# [WHAT IS EXPECTED]
The required result is each line of the entries below containing the string "city".

Stored records:
:::::

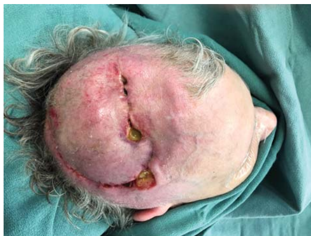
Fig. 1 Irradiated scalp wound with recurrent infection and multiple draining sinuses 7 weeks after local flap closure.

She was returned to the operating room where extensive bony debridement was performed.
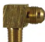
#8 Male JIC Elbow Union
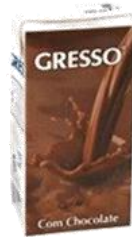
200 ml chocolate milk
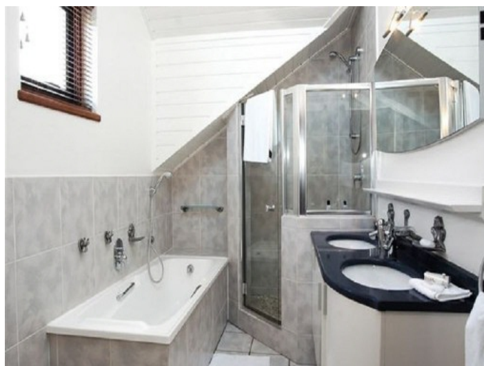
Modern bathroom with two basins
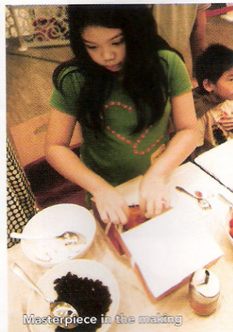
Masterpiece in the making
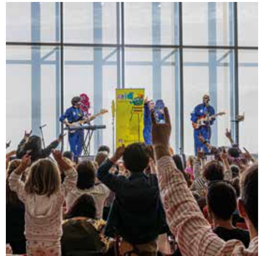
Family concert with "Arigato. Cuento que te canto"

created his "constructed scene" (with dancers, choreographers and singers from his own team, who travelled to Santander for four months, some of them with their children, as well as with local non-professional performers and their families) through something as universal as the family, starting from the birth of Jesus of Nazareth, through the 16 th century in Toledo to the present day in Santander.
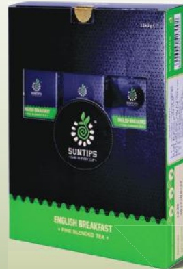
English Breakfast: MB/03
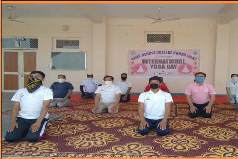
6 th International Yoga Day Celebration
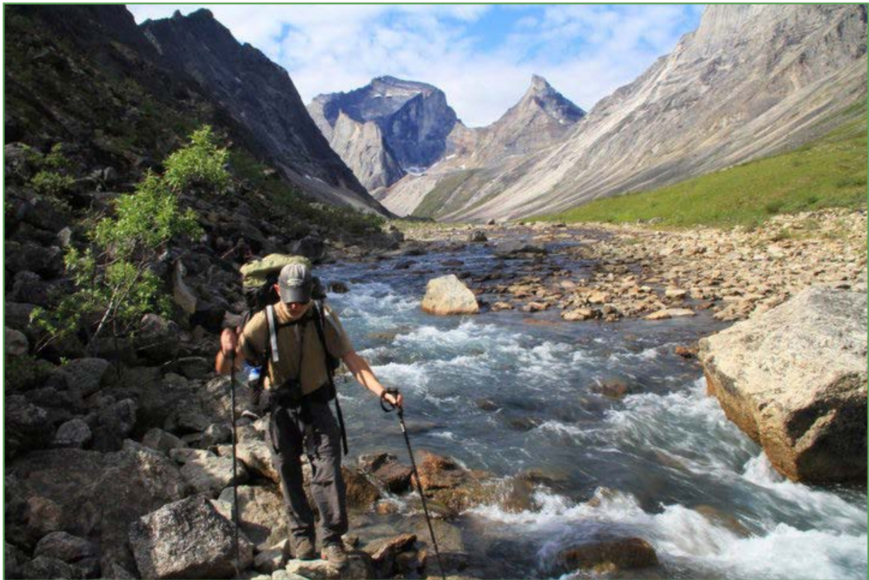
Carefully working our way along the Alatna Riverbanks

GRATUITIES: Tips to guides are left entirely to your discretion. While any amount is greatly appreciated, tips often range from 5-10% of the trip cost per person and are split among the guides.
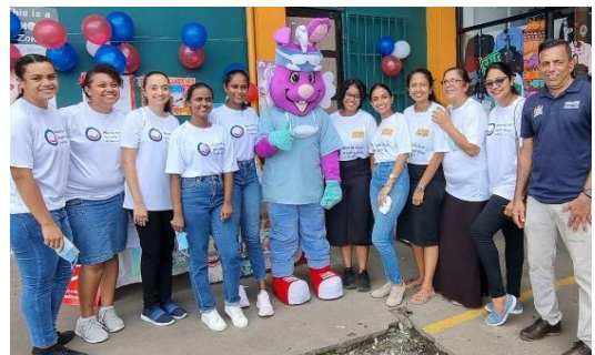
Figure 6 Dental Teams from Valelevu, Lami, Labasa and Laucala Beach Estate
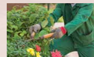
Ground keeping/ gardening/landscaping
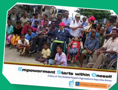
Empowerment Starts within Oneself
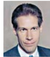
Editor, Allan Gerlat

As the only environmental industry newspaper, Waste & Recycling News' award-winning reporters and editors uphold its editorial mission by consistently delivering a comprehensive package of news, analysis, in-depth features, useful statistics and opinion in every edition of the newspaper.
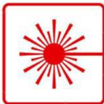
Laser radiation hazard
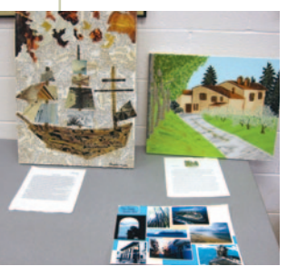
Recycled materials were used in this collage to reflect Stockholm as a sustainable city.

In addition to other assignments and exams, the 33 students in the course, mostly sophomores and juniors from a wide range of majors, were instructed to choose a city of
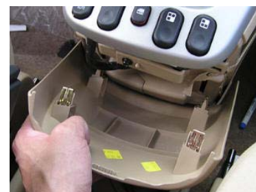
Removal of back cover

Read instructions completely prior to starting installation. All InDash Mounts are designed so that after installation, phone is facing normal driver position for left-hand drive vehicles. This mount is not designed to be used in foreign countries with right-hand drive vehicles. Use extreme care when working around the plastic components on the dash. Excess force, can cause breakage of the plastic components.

:::::

# [SOLVED EXERCISE]
Recycled materials were used in this collage to reflect Stockholm as a sustainable city.
In addition to other assignments and exams, the 33 students in the course, mostly sophomores and juniors from a wide range of majors, were instructed to choose a city of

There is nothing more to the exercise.